Internal control over financial reporting cannot provide
absolute assurance of achieving financial reporting objectives
because of its inherent limitations. Internal control over
financial reporting is a process that involves human diligence
and compliance and is subject to lapses in judgment and
breakdowns resulting from human failures. Internal control over
financial reporting also can be circumvented by collusion or
improper management override. Because of such limitations, there
is a risk that material misstatements may not be prevented or
detected on a timely basis by internal control over financial
reporting. However, these inherent limitations are known
features of the financial reporting process. Therefore, it is
possible to design into the process safeguards to reduce, though
not eliminate, this risk. Management is responsible for
establishing and maintaining adequate internal control over
financial reporting for the Company.
Management has used the framework set forth in the report
entitled Internal Control-Integrated Framework published
by the Committee of Sponsoring Organizations of the Treadway
Commission, known as COSO, to evaluate the effectiveness of our
internal control over financial reporting. Based on this
assessment, management has concluded that our internal control
over financial reporting was effective as of December 31,
2009. Odenberg, Ullakko, Muranishi & Co. LLP, the
independent registered public accounting firm that audited the
consolidated financial statements included in this Annual Report
on
Form 10-K,
has issued an attestation report on the effectiveness of our
internal control over financial reporting as of
December 31, 2009. This report, which expresses an
unqualified opinion on the effectiveness of our internal control
over financial reporting as of December 31, 2009, is
included herein.
There has been no change in our internal control over financial
reporting during our most recent fiscal quarter that has
materially affected, or is reasonably likely to materially
affect, our internal control over financial reporting.
Not Applicable.
PART III
Biographical information for our executive officers is set forth
below.
Don M. Bailey, 64, President and CEO, joined the Companys
Board of Directors in May 2006. Mr. Bailey was appointed
our interim President in May 2007. Mr. Bailey was appointed
President and Chief Executive Officer in November 2007.

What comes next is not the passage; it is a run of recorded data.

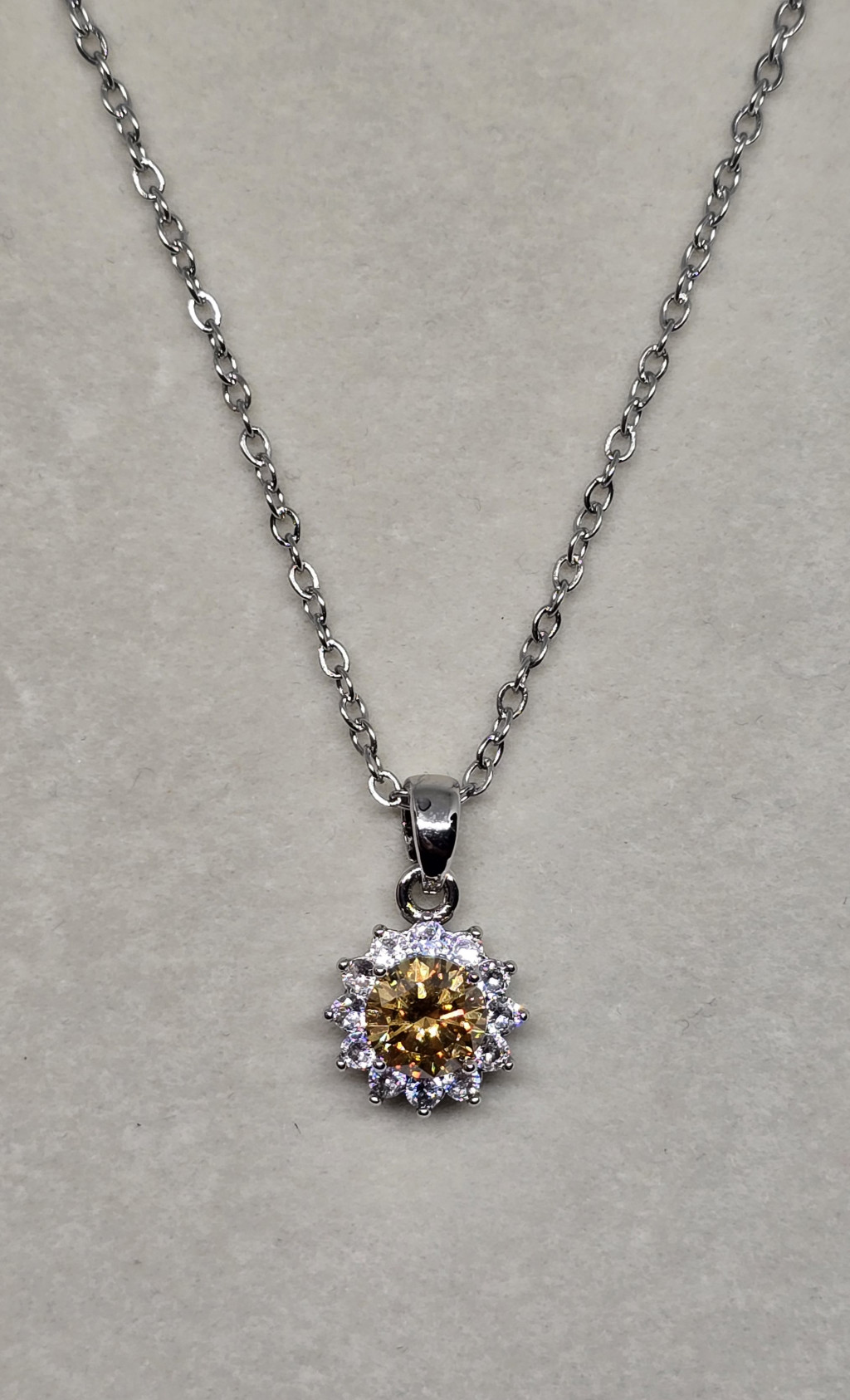 Ezüstszínű nyaklánc, virágmintás medállal, aranyszínű kővel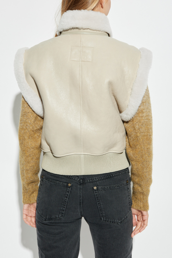 Introducing the Edwina, a reversible vest by acclaimed French designer Isabel Marant. This exquisite piece, crafted from the finest lambskin, embodies a harmonious blend of timeless elegance and contemporary style. The creamy exterior boasts a sleek finish, while the interior and trims reveal a sumptuous, plush fur in matching hues, offering both warmth and sophistication. Its streamlined silhouette is accentuated by defined shoulders and a full-length dual zipper, ensuring versatility in styling. Attention to detail is evident in its two side pockets, adorned with subtle stitching, and the fur-trimmed collar and shoulder edges, which add an air of refined luxury. The vest’s lower edge features an elastic hem for a snug fit that flatters the figure. Why Choose This Product? Crafted from premium lambskin for unmatched quality. Reversible design with a stylish dual zipper. Elegant fur-trimmed details for added warmth. Elastic hem for a perfect fit. Designed by Isabel Marant, a master of effortless chic.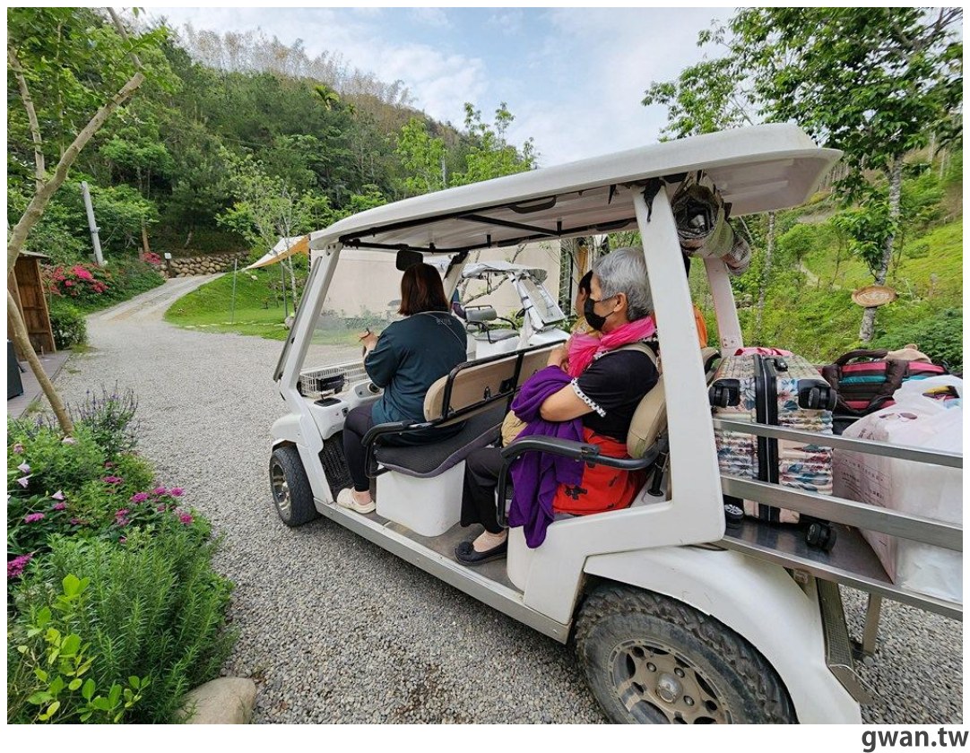抵達後,管家會開著球車幫忙載行李,接待客人前往大廳辦理入住,隨後再送往住宿地點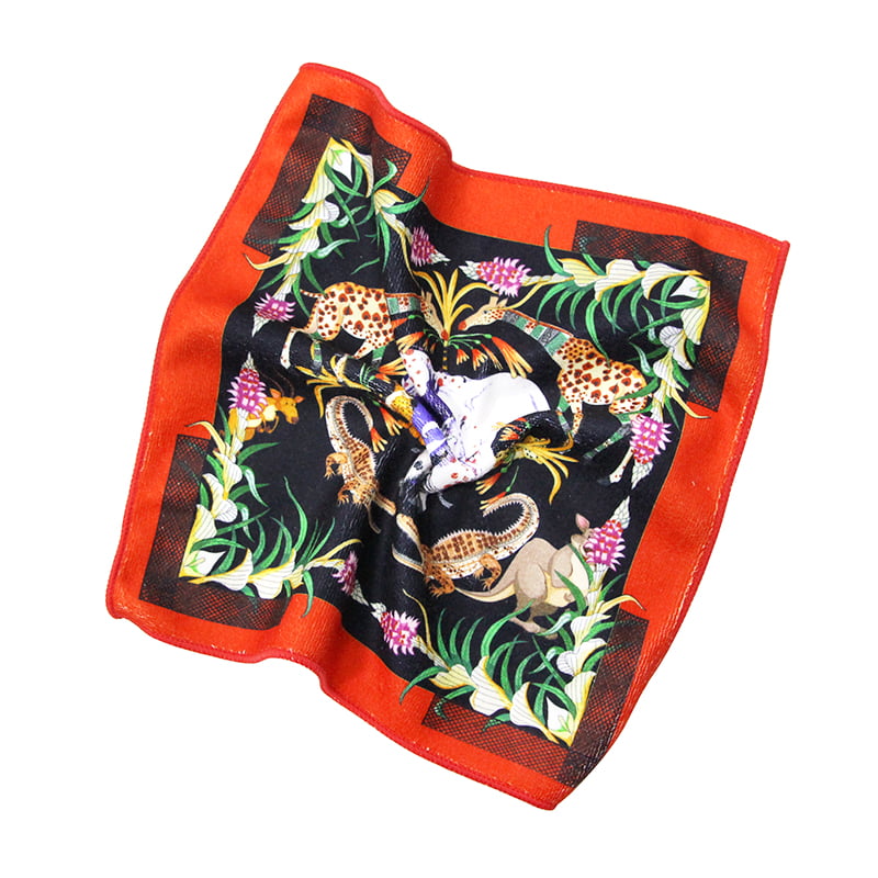 Ovaj kvadratni šal koristi tkaninu od jedne bočne poliestera i jednog bočnog pamuka, s tehnologijom ispisa topline, svijetle boje, udobne i prozračne.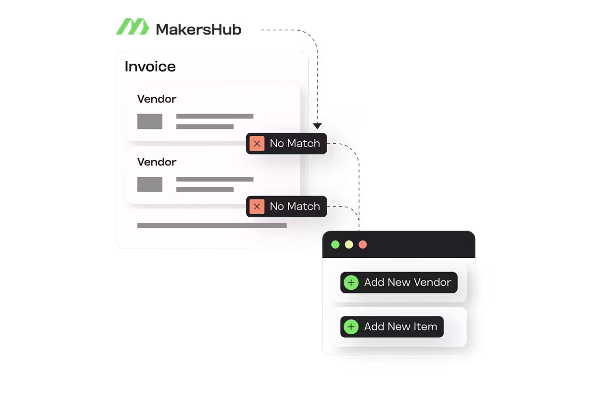 MakersHub recognizes when a vendor or item doesn’t exist in NetSuite. Add it instantly, without duplicates, and keep your books accurate.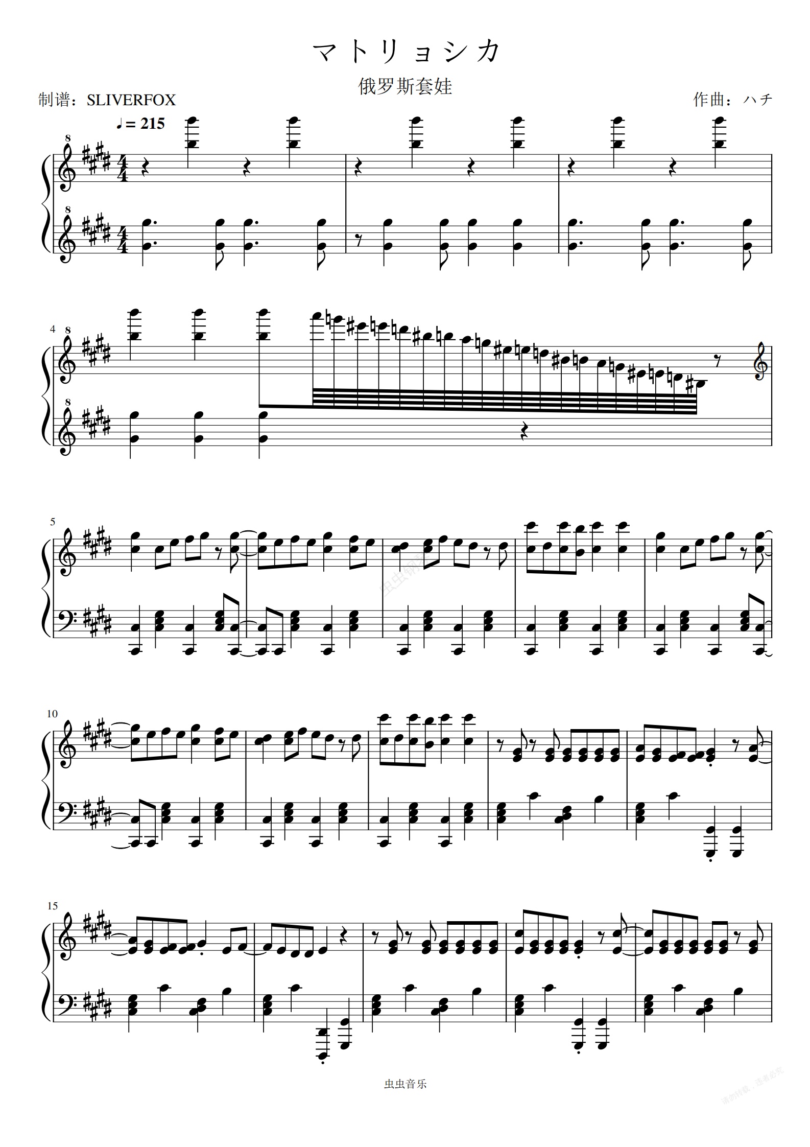 钢琴谱:《俄罗斯套娃》米津玄师 超有个性完美版(マトリョシカ)

Mr. Bailey is currently the non-executive Chairman of the
Board of STAAR Surgical Company. STAAR Surgical Company is a
leader in the development, manufacture, and marketing of
minimally invasive ophthalmic products employing proprietary
technologies. Mr. Bailey was the Chairman of the Board of
Comarco, Inc. from 1998 until 2007 and was employed by Comarco,
Inc., where he served as its Chief Executive Officer from 1991
to 2000. Mr. Bailey has been Chairman of the Board of STAAR
since April 2005. Mr. Bailey holds a B.S. degree in
mechanical engineering from the Drexel Institute of Technology,
an M.S. degree in operations research from the University of
Southern California, and an M.B.A. from Pepperdine University.
Stephen L. Cartt, 47, Executive Vice President and Chief
Business Officer, joined the Company in March 2005.
Mr. Cartt was a private consultant from August 2002 until
March 2005. From March 2000 through August 2002, Mr. Cartt
was the Senior Director of Strategic Marketing for Elan
Pharmaceuticals. Mr. Cartt holds a B.S. degree from the
University of California at Davis in biochemistry, and an M.B.A.
from Santa Clara University.
David J. Medeiros, 58, Senior Vice President, Pharmaceutical
Operations, joined the Company in June 2003 as Vice President,
Manufacturing. Prior to joining the Company, Mr. Medeiros
served as Senior Director, Manufacturing at Titan
Pharmaceuticals, Inc. from November 2000 to June 2003.
Mr. Medeiros holds a B.S. degree in chemical engineering
from San Jose State University, a Masters degree in
chemical engineering from University of California, Berkeley and
an M.B.A. from the University of California at Berkeley.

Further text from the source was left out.